Pros: - Aligned with WhisperJAV's stated direction - Adding new vLLM ASR engines = just add YAML file - GUI auto-generation - User-patchable without code changes

Cons: - More upfront work - Need to implement VLLMASRProvider in v4 system

Recommended Configuration Path¶

Phase 1 (Initial Implementation): - Use v3-style resolved_config dictionary - Copy FidelityPipeline's config unpacking pattern - Quick iteration, known stability

Phase 2 (After vLLM Pipeline Stable): - Create ecosystems/vllm/ in v4 system - Migrate to YAML-driven configuration - Add GUI integration

This hybrid approach follows the pragmatic principle: "Start simple, iterate toward the ideal."

Critical Design Contracts¶

Based on external architecture review, the following contracts are mandatory for production stability. These address gaps identified by three independent reviewers.

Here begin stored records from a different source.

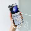 For Samsung Galaxy Z Flip5 5G Hinge Design Lacquered Flower Pattern PU Leather+PC Case with Pearl Chain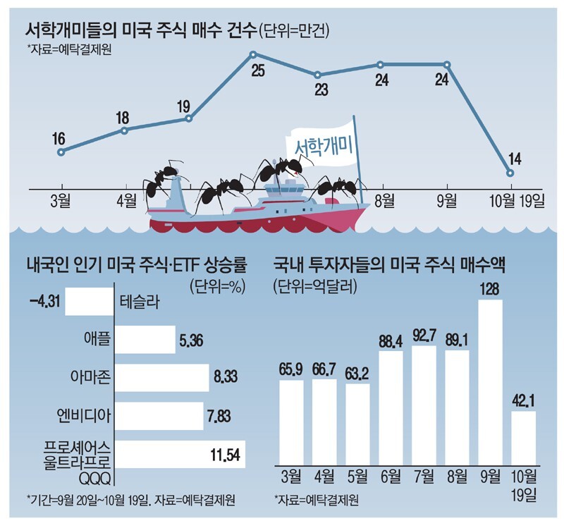 이와 달리 해외주식을 대거 사들인 개인투자자를 서학개미라고 합니다.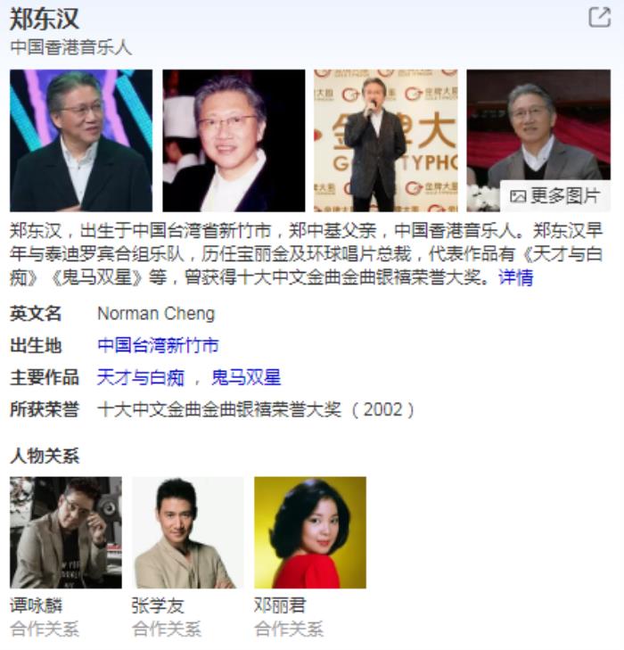 其中郑中基的外号就叫“太子爷”,之所以这么叫他就是因为他的爸爸是非常有名的音乐人,捧红了很多明星,也有一个“华语教父”的称号。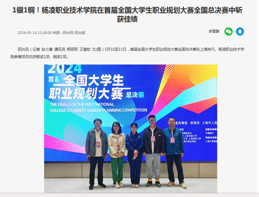 5月10至11日,首届全国大学生职业规划大赛全国总决赛在上海举行。杨凌职业技术学院参赛项目共获银奖1项、铜奖1项。
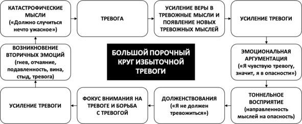 Важно понимать, что борьба с различными проявлениями тревоги бесполезна, ведь попытка устранить пугающие следствия тревоги (панические атаки, навязчивости и т.д.) ведёт лишь к их усилению. Действительно, боясь своих неприятных ощущений, вы начинаете сильнее тревожиться и напрягаться, из-за чего эти симптомы усиливаются так образуется порочный круг избыточной тревоги (см. рис. 12). Мысль о том, что вам нужно избавиться от тревоги, привносит в жизнь больше проблем, чем сама тревога, поэтому помните, что тревога нормальная часть жизни человека.

Contract 1: vLLM Batching Policy (REQUIRED)¶

vLLM batching is request-driven, not file-driven. Without explicit constraints, you will get: - TTFT explosion - Memory fragmentation - Non-deterministic throughput

Hard Batching Rules for VLLMPipeline:

┌─────────────────────────────────────────────────────────────────────┐
│                    vLLM BATCHING CONTRACT                            │
├─────────────────────────────────────────────────────────────────────┤
│                                                                      │
│  1. Max audio per request:      30 seconds (configurable)           │
│  2. Max total batch duration:   120 seconds                          │
│  3. Duration variance rule:     Never mix scenes >2x apart          │
│  4. Long scene fallback:        Single-request mode for >60s        │
│  5. Default batch size:         32 scenes (configurable)            │
│                                                                      │
│  Config location: VLLMPipeline, NOT Qwen3ASR                        │
│  User override:   --vllm-batch-size, --vllm-max-scene-length        │
│                                                                      │
└─────────────────────────────────────────────────────────────────────┘

Implementation Pattern:

# vllm_pipeline.py
class VLLMPipeline(BasePipeline):
    # Batching constraints
    MAX_SCENE_DURATION = 30.0    # seconds
    MAX_BATCH_DURATION = 120.0   # seconds
    MAX_BATCH_SIZE = 32          # scenes
    DURATION_VARIANCE_RATIO = 2.0  # max ratio between scene lengths

    def _create_scene_batches(self, scenes: List[Scene]) -> List[List[Scene]]:
        """Group scenes into batches respecting constraints."""
        batches = []
        current_batch = []
        current_duration = 0.0

        for scene in sorted(scenes, key=lambda s: s.duration):
            # Long scene: process alone
            if scene.duration > self.MAX_SCENE_DURATION:
                if current_batch:
                    batches.append(current_batch)
                    current_batch = []
                    current_duration = 0.0
                batches.append([scene])  # Single-scene batch
                continue

            # Check batch constraints
            if (current_duration + scene.duration > self.MAX_BATCH_DURATION or
                len(current_batch) >= self.MAX_BATCH_SIZE or
                (current_batch and scene.duration / current_batch[0].duration > self.DURATION_VARIANCE_RATIO)):
                batches.append(current_batch)
                current_batch = []
                current_duration = 0.0

            current_batch.append(scene)
            current_duration += scene.duration

        if current_batch:
            batches.append(current_batch)

        return batches

Rationale: This alone will prevent ~70% of future performance bugs (per reviewer feedback).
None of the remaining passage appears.